BUSA-H (Butiran Sabda Allah-Harian): Dari Palungan ke Rumah Kita: Allah Hadir Menyelamatkan Keluarga
Rabu, 24 Desember 2025. Hari Raya Natal: Misa Malam Natal. Kitab Yesaya 9:1-6; Titus 2:11-14; Lukas 2:1-14.
Oleh: Rd. Fidelis Dua
SAUDARI dan saudara terkasih, ketiga bacaan Malam Natal ini lahir dari konteks kegelisahan manusia yang konkret. Nubuat Yesaya muncul ketika bangsa Israel berjalan dalam kegelapan penindasan dan ketidakpastian masa depan.
Rasul Paulus menulis kepada Titus di tengah dunia yang kehilangan arah moral, terjebak pada hawa nafsu dan kepentingan diri. Sementara Injil Lukas membawa kita ke sebuah kisah kelahiran sederhana, di bawah bayang-bayang kekuasaan Romawi, sensus politik, dan keterbatasan keluarga kecil bernama Maria dan Yusuf. Inilah misteri inkarnasi: Sabda Allah tidak pernah lahir di ruang hampa, melainkan selalu menjelma di tengah realitas hidup manusia yang rapuh, resah, dan terus mencari harapan.
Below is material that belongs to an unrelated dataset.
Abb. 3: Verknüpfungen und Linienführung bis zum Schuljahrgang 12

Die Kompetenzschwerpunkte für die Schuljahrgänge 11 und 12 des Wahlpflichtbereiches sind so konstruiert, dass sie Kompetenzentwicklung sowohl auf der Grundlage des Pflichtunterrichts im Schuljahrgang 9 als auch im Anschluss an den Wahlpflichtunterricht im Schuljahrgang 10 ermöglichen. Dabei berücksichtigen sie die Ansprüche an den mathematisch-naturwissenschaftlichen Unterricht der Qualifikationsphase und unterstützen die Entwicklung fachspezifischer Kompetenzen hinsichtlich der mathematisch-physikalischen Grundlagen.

Nabi Yesaya berseru, “Seorang Putra telah diberikan kepada kita.” Seruan ini bukan sekadar pernyataan tentang kelahiran biologis, melainkan pemberian ilahi. Inisiatif keselamatan selalu datang dari Allah, bukan dari keberhasilan manusia. Gelar-gelar Mesias yang diwartakan Yesaya, seperti Penasihat Ajaib, Allah yang Perkasa, Bapa yang Kekal, Raja Damai bukan hiasan puitis, melainkan janji tentang wajah Allah yang mendekat. Allah tidak menyelamatkan dari kejauhan, tetapi dengan memikul sejarah manusia. Terang yang dijanjikan itu bukan kilatan sesaat, melainkan cahaya yang menetap dan membimbing langkah umat-Nya.
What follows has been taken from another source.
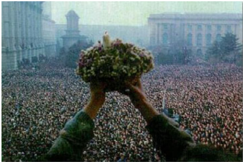
Problemele perioadei postcomuniste

Respingerea comunismului ca regim politic și afirmarea independenței statelor din Estul Europei nu a însemnat, din păcate, și eliminarea moștenirii acestuia. O cultură politică de a o anumită factură fusese internalizată de societățile supuse deceniilor de totalitarism: absența unei culturi a compromisului, neîncrederea în instituțiile statului, dar și un anumit model de raportare a acestor instituții la societate.
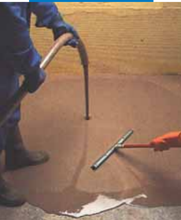
Applicazione di Ultraplan con pompa e successiva raclatura

Ultraplan può essere pulito, finché fresco, dalle mani e dagli attrezzi con acqua.

Terang itu mencapai kepenuhannya dalam Injil Lukas. Sang Juru Selamat lahir bukan di istana, melainkan di palungan. Allah memilih jalan kerendahan, bukan kemegahan. Para gembala, kelompok yang dianggap tak penting dan rentan, justru menjadi penerima pertama kabar sukacita. Artinya, Allah menyingkapkan wajah-Nya bukan melalui kekuasaan dan kemegahan, melainkan melalui solidaritas dengan yang kecil dan tersisih.
Baca juga:BUSA-H (Butiran Sabda Allah-Harian) Bangun Hati Menuju Natal yang Sejati
Dengan lahir di palungan dan mewartakan kabar sukacita pertama-tama kepada para gembala, Allah menegaskan bahwa keselamatan bukan hak kaum kuat, melainkan anugerah bagi siapa pun yang membuka diri. Jalan Allah adalah jalan kerendahan hati: Ia hadir di tempat yang sering diabaikan manusia, di ruang-ruang hidup yang sederhana, rapuh, dan tidak diperhitungkan.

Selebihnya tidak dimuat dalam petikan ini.